Listed records —
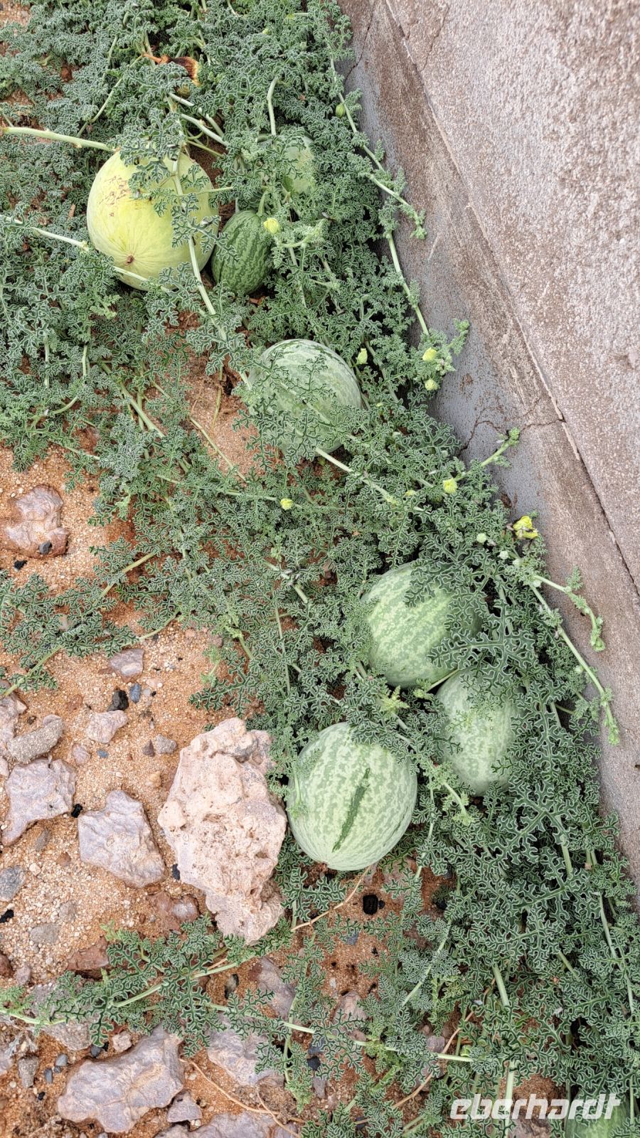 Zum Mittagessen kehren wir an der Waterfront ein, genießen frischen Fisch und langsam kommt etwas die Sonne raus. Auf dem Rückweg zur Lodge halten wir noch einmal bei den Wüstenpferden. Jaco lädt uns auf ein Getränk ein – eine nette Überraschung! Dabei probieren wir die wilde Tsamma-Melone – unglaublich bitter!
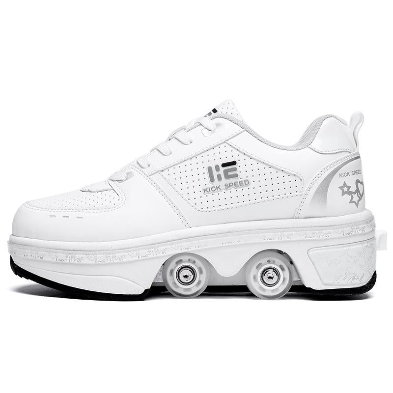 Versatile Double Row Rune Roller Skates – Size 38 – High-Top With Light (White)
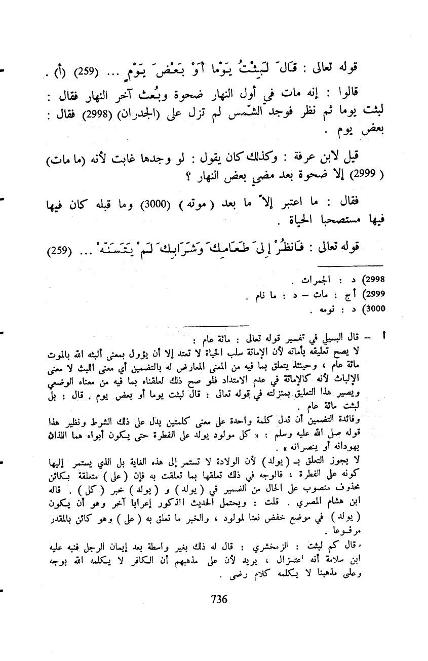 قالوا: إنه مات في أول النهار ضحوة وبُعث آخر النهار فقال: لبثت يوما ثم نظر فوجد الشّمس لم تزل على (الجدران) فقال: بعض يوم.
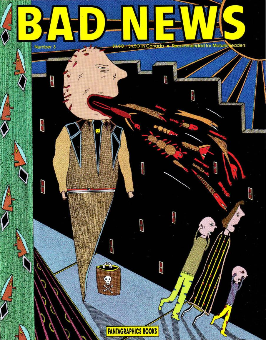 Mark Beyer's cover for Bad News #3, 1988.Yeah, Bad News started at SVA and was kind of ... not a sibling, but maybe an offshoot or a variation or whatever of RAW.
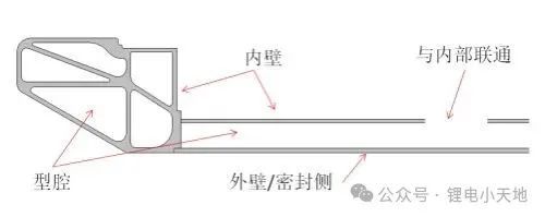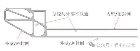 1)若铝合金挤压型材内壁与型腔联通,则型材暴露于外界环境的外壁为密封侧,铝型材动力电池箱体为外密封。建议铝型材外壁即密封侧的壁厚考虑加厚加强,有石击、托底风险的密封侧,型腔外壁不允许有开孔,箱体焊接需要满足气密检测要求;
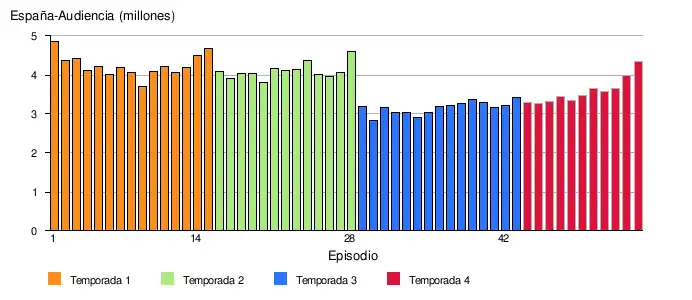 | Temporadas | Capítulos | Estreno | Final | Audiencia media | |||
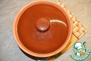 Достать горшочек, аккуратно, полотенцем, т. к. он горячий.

Goal of the exercise — The whole listing should be transcribed exactly, though its pictures must be left out.

Solution to this problem —
 Zum Mittagessen kehren wir an der Waterfront ein, genießen frischen Fisch und langsam kommt etwas die Sonne raus. Auf dem Rückweg zur Lodge halten wir noch einmal bei den Wüstenpferden. Jaco lädt uns auf ein Getränk ein – eine nette Überraschung! Dabei probieren wir die wilde Tsamma-Melone – unglaublich bitter!
 Versatile Double Row Rune Roller Skates – Size 38 – High-Top With Light (White)
 قالوا: إنه مات في أول النهار ضحوة وبُعث آخر النهار فقال: لبثت يوما ثم نظر فوجد الشّمس لم تزل على (الجدران) فقال: بعض يوم.
 Mark Beyer's cover for Bad News #3, 1988.Yeah, Bad News started at SVA and was kind of ... not a sibling, but maybe an offshoot or a variation or whatever of RAW.
 1)若铝合金挤压型材内壁与型腔联通,则型材暴露于外界环境的外壁为密封侧,铝型材动力电池箱体为外密封。建议铝型材外壁即密封侧的壁厚考虑加厚加强,有石击、托底风险的密封侧,型腔外壁不允许有开孔,箱体焊接需要满足气密检测要求;
 | Temporadas | Capítulos | Estreno | Final | Audiencia media | |||
 Достать горшочек, аккуратно, полотенцем, т. к. он горячий.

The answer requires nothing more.